McGovern lost because he was an isolationist? If you had said that in 1972, people might have looked at you funny. Whatever his preference for deep cuts in the defense budget, Republican surrogates who hauled out the isolationist charge were labeled "silly" by no less an honest broker than the New York Times' Scotty Reston. Over the following six years–according to my ProQuest search–the words "McGovern" and some variant of "isolation" were mentioned in the Times, the Washington Post, the Wall Street Journal, and the Chicago Tribune a mere six times.And, of course, McGovern lost to a candidate who was also campaigning on a pledge to end the war. But what about the whole "acid, amnesty, and abortion" thing?
Well, like I said, his position on abortion was the same as Nixon's. His position on pot followed the President’s National Commission on Marihuana and Drug Abuse. And amnesty was enacted, in limited form, by Gerald Ford. And the person who cast the false aspersion, Novak has recently revealed in his memoirs, was ... Thomas Eagleton.Perlstein argues that McGovern's substantive positions hurt him far less than his breathtakingly incompetent campaign: The disastrous flip-flop on whether to keep Eagleton on the ticket, for instance, or the 21-year-old novices crunching polling data.
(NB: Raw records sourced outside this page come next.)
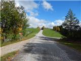 From the parking lot at the church of St. Vid we return to the main road, and from there we continue towards Osredek. Already after few 10 meters we get to a crossroad at the chapel, where we continue left in the direction of Osredek and only a little further at the unmarked crossroad we go again left. An asphalt road which continues without large changes in altitude or is even slightly descending, eventually brings us to the settlement Zala. Here at first a nice view opens up on surrounding hills, and then we walk past few more houses in the village.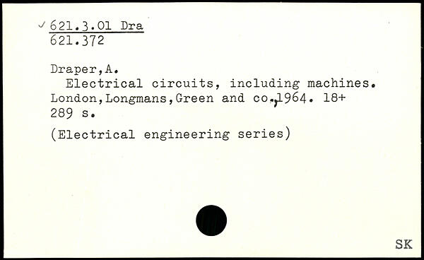 Electrical circuits, including machines. London, Longmans , Green and co.j1964. 18+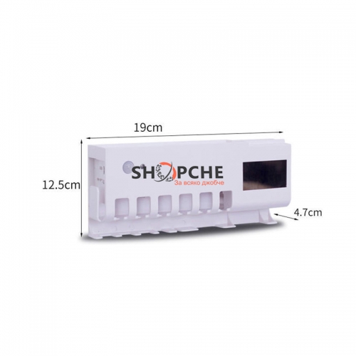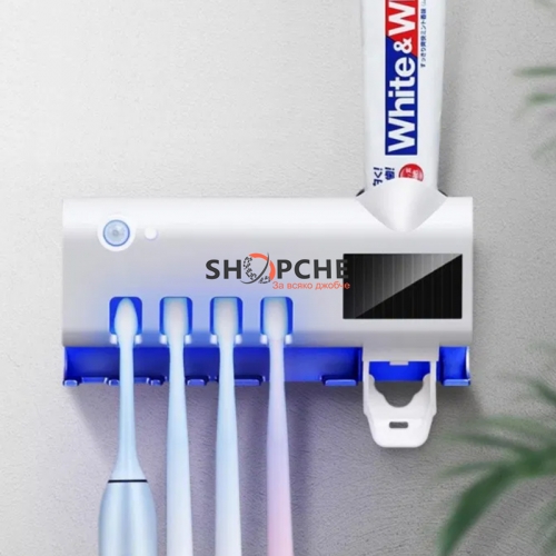 Уредът е комбиниран – има поставка за четки за зъби и дозатор за паста за зъби.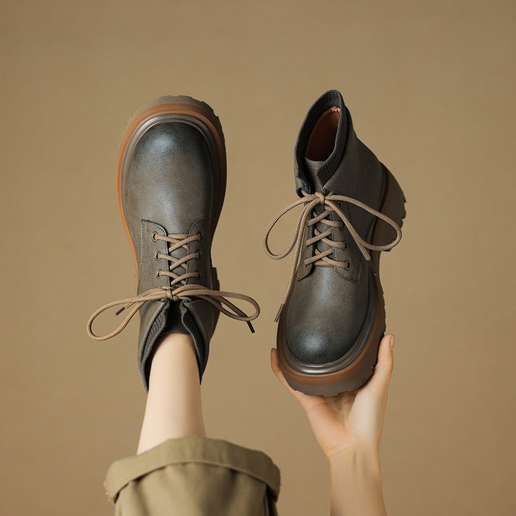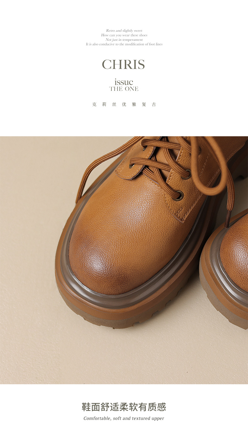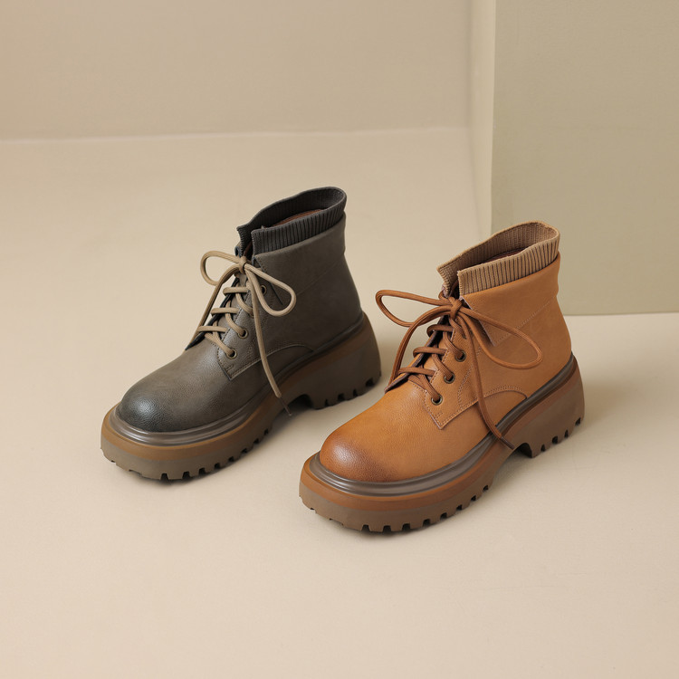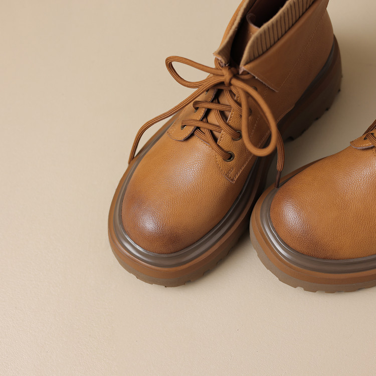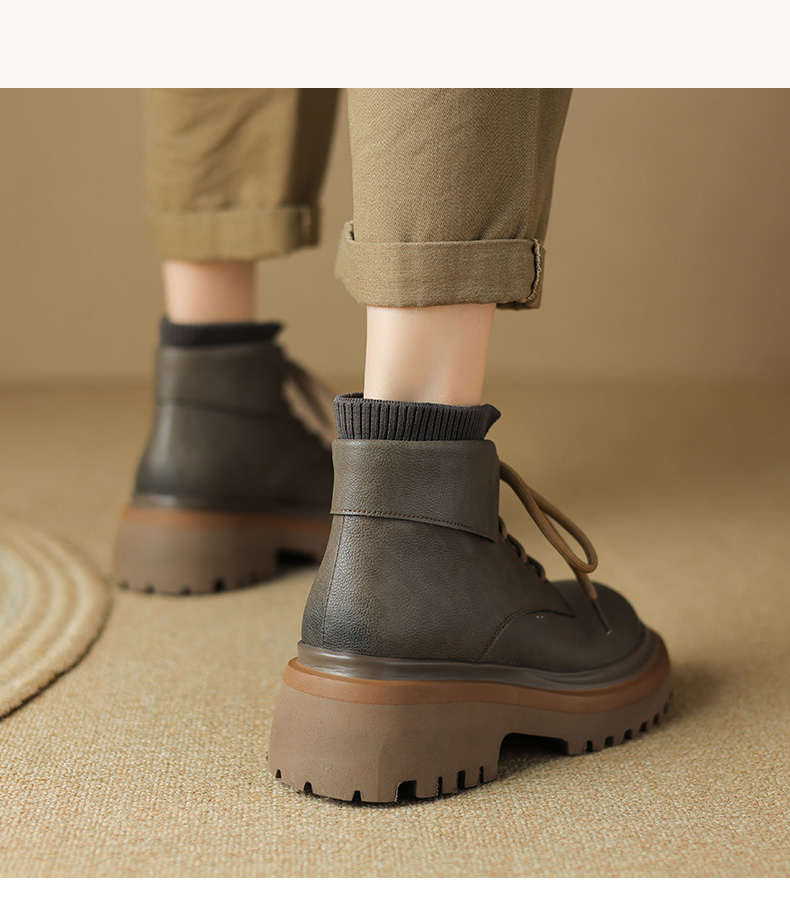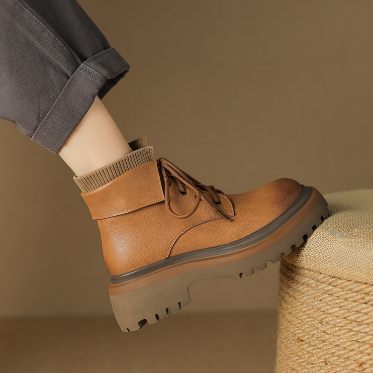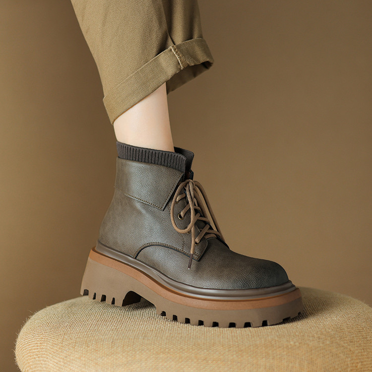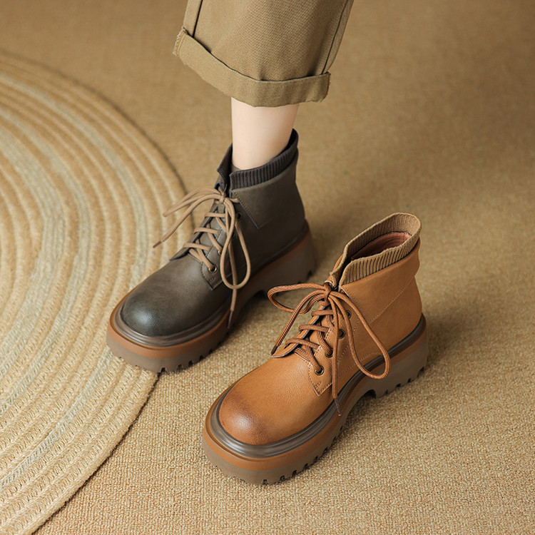 【预售5天】秋冬新款真皮厚底圆头擦色系带马丁靴女松糕底卡其色复古短靴MDY&AM2169-15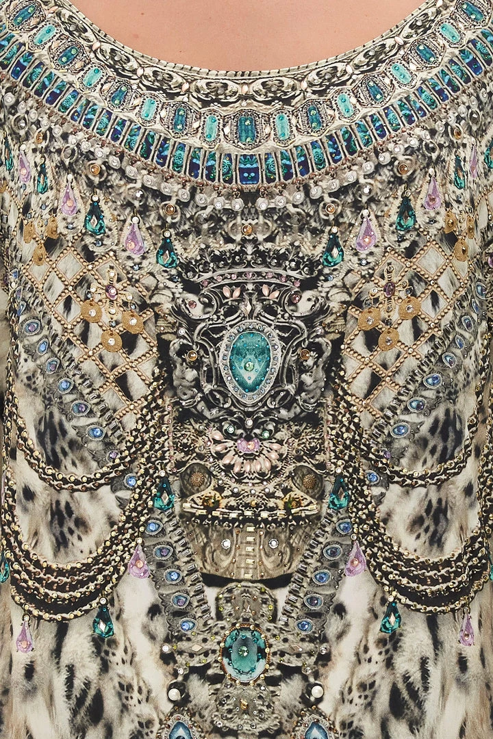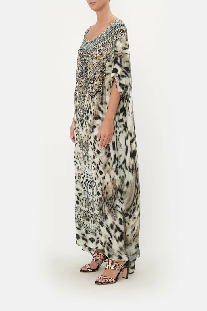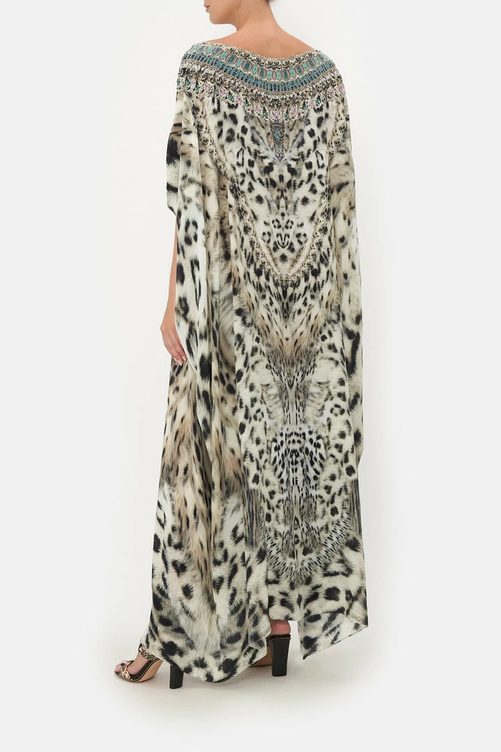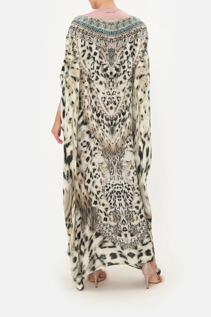 Enveloped in wild majesty, the Snow Whispers Round Neck Kaftan catches all gazes with it’s soft ivory leopard print defined with shades of midnight and swirls of mocha. Hand-embellished with CAMILLA crystals, this luxury silk kaftan features a generous rounded neckline, cropped sleeves and a relaxed maxi silhouette. With so many ways to wear, transform your kaftan into mini dresses, luxury layers, maxi skirts and shapes of Grecian proportions.

Plus, Nixon's dirty tricks were effective, and many prominent Democrats had a visceral loathing for McGovern. (Evidently, Hubert Humphrey—in an anecdote that's in dire need of follow-up—phoned Nixon on Election Night to congratulate the victor and intone, darkly, that "I did what I had to do" to keep McGovern from winning.)
1) In April of 1971... every viable Democratic presidential candidate, including Humphrey, went on TV in an extraordinary joint appearance and implored Nixon to set a date for withdrawal from Vietnam—including Scoop Jackson (who differed from the others only in that he said Nixon shouldn't publicly announce the date. So if people want to indict McGovern for his stance on Vietnam, they also have to indict his opponents in the Democrats' civil war—Humprey and, to a lesser extent, Jackson. It was just self-evidence to EVERY Democrat that we had to get out, and self-evident to Nixon that he had to appear to be getting out.
2) "Come home America" was a quote from Martin Luther King, and though of course it had isolationist resonances, in the context of both King and McGovern's speeches it was not literally geographic--it was a figurative call for America to "come home" to its founding ideals.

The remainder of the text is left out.